A temporary volume can be deleted while it is in use by DELETE API accidentally because its status is `available`. To avoid this deletion, this fix sets a value which doesn't accept deletion to volume status of a temporary volume. When a temporary volume is used for backing up, `backing-up` is set. When a temporary volume is used for reverting a snapshot, `in-use` is set because the volume is attached by a host. Closes-Bug: #1970768 Change-Id: Ib6a2e4d68e532b91161df5245c17ce815f12f935
2022-01-28 21:38:03 -05:00 · 2022-01-28 21:38:03 -05:00 · 53c13891b3
parent d5b21ab1ec
commit 53c13891b3
6 changed files with 32 additions and 19 deletions
--- a/cinder/tests/unit/backup/test_backup.py
+++ b/cinder/tests/unit/backup/test_backup.py
@ -1019,9 +1019,9 @@ class BackupTestCase(BaseBackupTest):
                                                  'fake_provider_id'}

        temp_vol = volume_manager.driver._create_temp_cloned_volume(
-            self.ctxt, vol)
+            self.ctxt, vol, status=fields.VolumeStatus.BACKING_UP)

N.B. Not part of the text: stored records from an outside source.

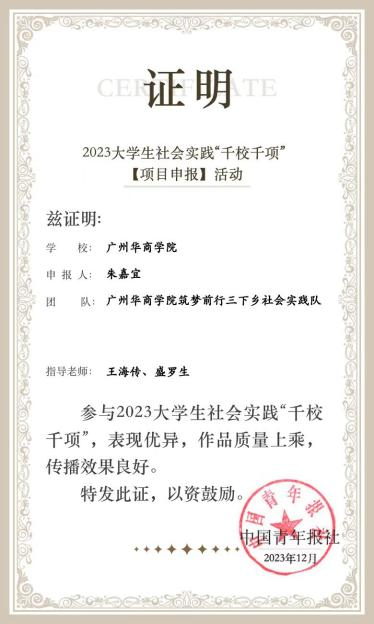2024年,王海传教授指导“筑梦前行”社会实践团队以“科教下乡,助力白垢振兴”为主题,于5月、7月、9月在广东省肇庆市白垢镇开展志愿服务活动。活动内容共有6项:支教、墙绘、党课宣讲、公益捐赠、联谊助农、回访留守老人等。其中,支教受教的小学生达86人,支教时长为15天。团队活动事迹获得南方日报、西江日报、封开发布、封开县融媒体中心、封开县融媒体中心视频号、封开共青团、网易新闻、大学生云报等传媒广泛报道。南方日报对其活动事迹进行展示,展示数据及评价为:累计阅读量23000+,公众号推文阅读量8900+,抖音号视频播放量44000+,微信视频号播放量10000+,累计点赞量5700+;此次实践活动为白垢镇的教育、乡村风貌、农业发展和文化宣传带来积极影响,展现了青年学子助力乡村振兴的担当与作为。日前,王海传教授获评2024年437必赢会员中心暑期社会实践活动“优秀指导老师”称号,所指导的团队获评437必赢会员中心“优秀团队”称号,实践队队长朱嘉宜、队员吴曦获评“优秀个人”称号;团队作品入选中国青年报社2024年“千校千项”工程(全校5项作品入选)。
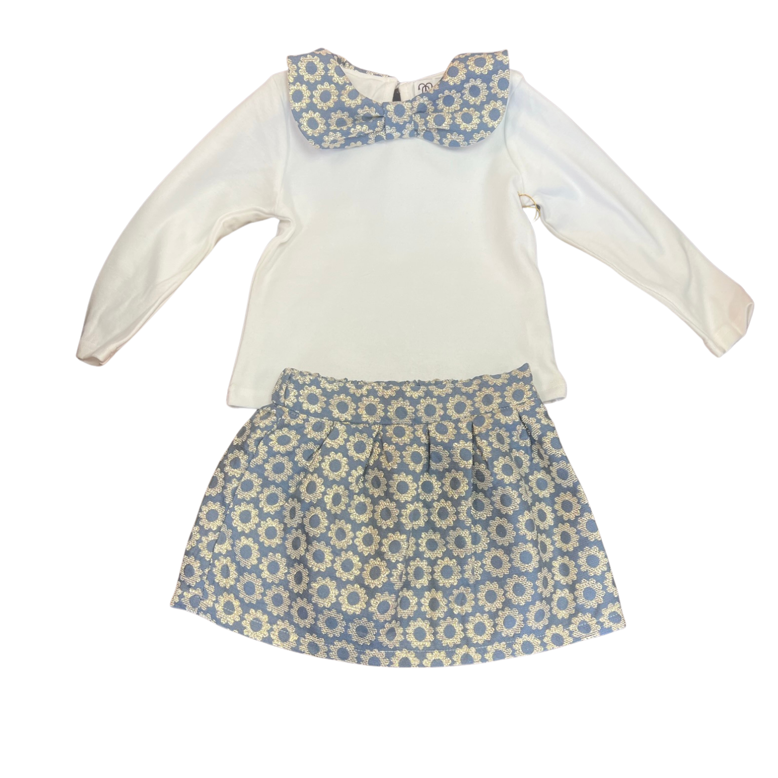 Gold Metallic Floral Collar Shirt with Matching Skirt
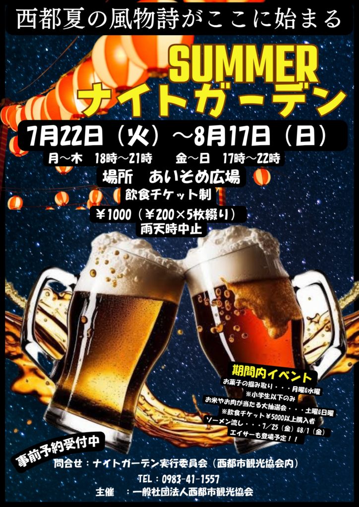 | 主催・お問い合わせ | ナイトガーデン実行委員会(西都市観光協会) TEL 0983-41-1557 |
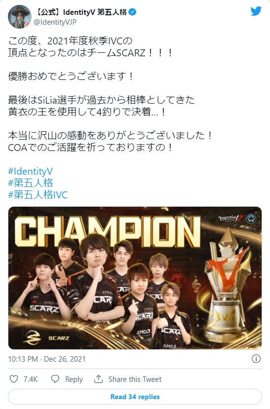 10月29日から12月26日の約2か月間行われた『2021 FALL IdentityV Championship(IVC)』SCARZ 第五人格部門所属の選手達が本大会に出場し、チーム初となる日本一位を獲得致しました。
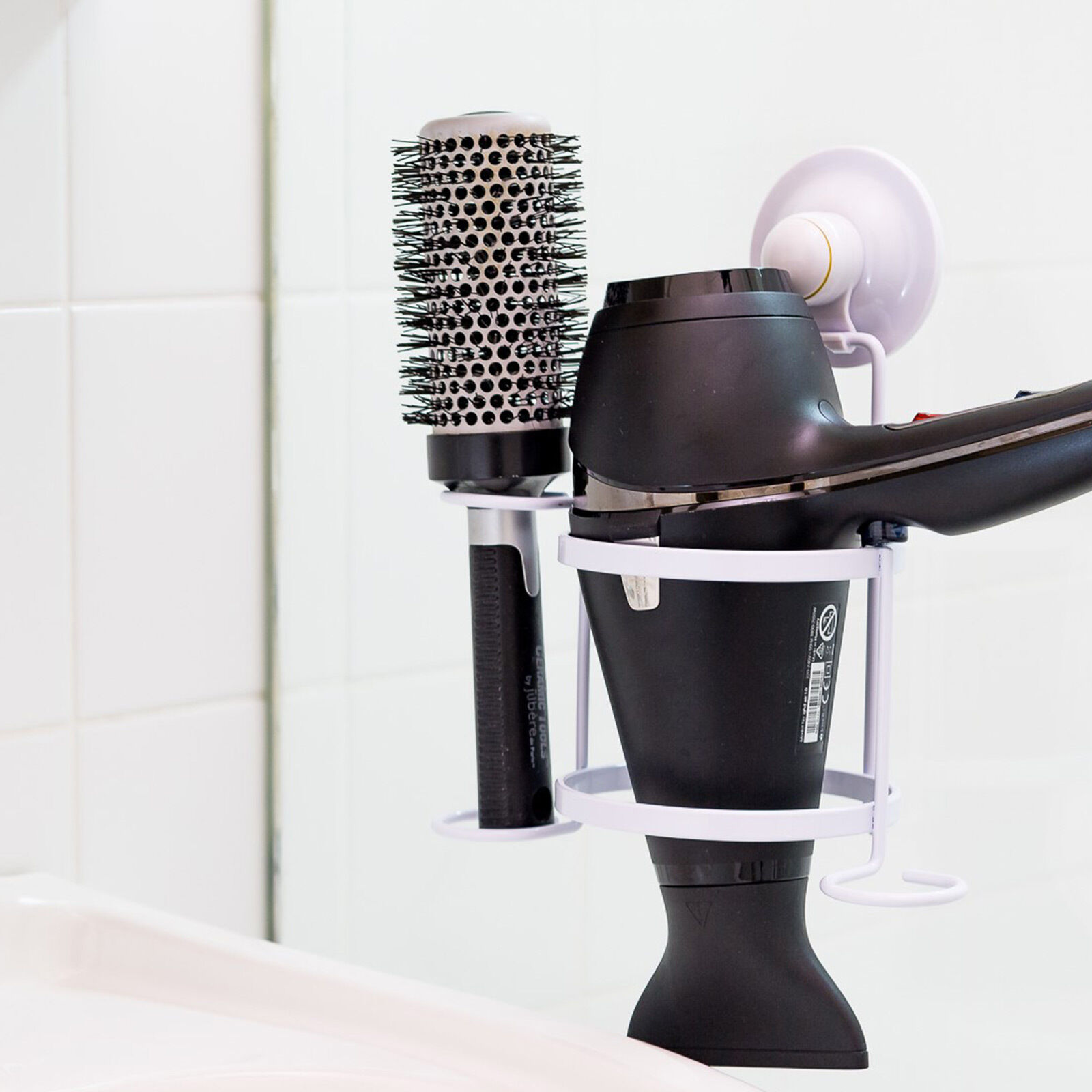 Thanks to the holder, a hairdryer in the bathroom will always be at hand. The design also allows you to place in the holder a shampoo or a bottle, also the side holder allows you to put comb/brushes which is convenience.

-        self.assertEqual('available', temp_vol['status'])
+        self.assertEqual(fields.VolumeStatus.BACKING_UP, temp_vol['status'])
        self.assertEqual('fake_provider_id', temp_vol['provider_id'])

    @mock.patch.object(fake_driver.FakeLoggingVolumeDriver,
@ -1038,9 +1038,9 @@ class BackupTestCase(BaseBackupTest):
                                                  'fake_provider_id'}

        temp_vol = volume_manager.driver._create_temp_volume_from_snapshot(
-            self.ctxt, vol, snap)
+            self.ctxt, vol, snap, status=fields.VolumeStatus.BACKING_UP)

-        self.assertEqual('available', temp_vol['status'])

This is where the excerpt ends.